Given this, what type of people with what type of skills are companies looking for when building their SRE teams?
Ben Treynor said in his interview that, on his SRE team, “Typically we hire about a 50-50 mix of people who have more of a software background and people who have more of a systems background. It seems to be a really good mix.”
This means either those who are software engineers with networking and systems (such as Unix/Linux) knowledge, or people coming from systems administration or network engineering background with the ability to code as well as software engineers. The dual requirements of programming skills and network/systems skills make recruiting and hiring SREs difficult, even for companies like Google.
Here are some qualifications we would see in typical SRE job descriptions (from different companies):
Systems and networking related skills
• Experience with web server configuration, monitoring, trending, network design, high availability (Yelp)
• Demonstrable knowledge of TCP/IP, Linux operating system internals, filesystems, disk/storage technologies and storage protocols(Twitter)
• Experience working with fault-tolerant, highly available, high traffic/throughput, distributed, scalable systems (Oracle)

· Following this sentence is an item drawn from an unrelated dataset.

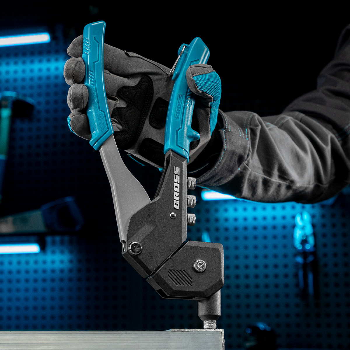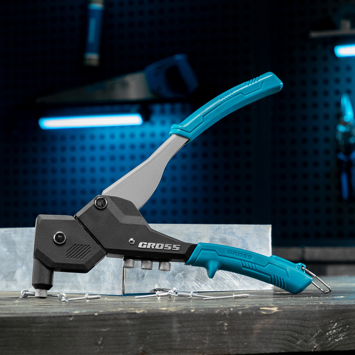 Заклепочник ручной, 290 мм, поворотный, 0-360, заклепки 2,4-3,2-4,0-4,8 мм Gross

• You think at scale… big scale… with a focus on ensuring stability and maximizing the performance of services you own (Box)

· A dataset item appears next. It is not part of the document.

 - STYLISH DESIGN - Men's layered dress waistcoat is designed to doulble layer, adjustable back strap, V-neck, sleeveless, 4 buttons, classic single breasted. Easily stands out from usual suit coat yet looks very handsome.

• Knowledge of AWS and container orchestrators such as Kubernetes, Mesos, or Docker Swarm etc. (ExtraHopNetworks)
• Experience with metrics, monitoring and alerting tools such as Splunk, wavefront, AppDynamics (Intuit)
• You’ve attained a deep understanding of networking protocols (e.g. TCP/IP, HTTP, DNS, etc) (Evernote)
Software development related skills
• Practical knowledge of shell scripting and at least one scripting language (Python, Ruby, Perl) (Twitter)
• Proficient in coding complex systems using Python, Ruby, Java, C/C (Oracle)
• Command of your favorite modern programming language: Python, Ruby, Java, C++, etc (Yelp)
• Software development experience with Java, Python or Golang (Atlassian)
• Experience in data structures, algorithms, and software design (Indeed)
• You’ve built extensible and maintainable automation (Shell, Python, or Go preferred) (Evernote)
• Proclivity towards efficient programming emphasizing improvement via complexity analysis (Apple)
• Experience in defensive coding practices and patterns for high-availability (Home Depot)
SRE vs. DevOps
At this point, you might be thinking, “All the SRE stuff looks like DevOps. How are SRE and DevOps related? Are they the same or different?”
DevOps emerged a little later than SRE independently outside of Google, also aiming to solve the same problem – unifying software development and operations – with the Agile movement being a main contributing factor. The skills and tools used by SRE and DevOps are the same for the most part.
Some people view them as the same. Some differentiate them. In that case, the differences are likely to be the mindset, emphasis, and priorities between SRE and DevOps. These may seem subtle and nuanced. To get into the details, it would deserve a whole separate article.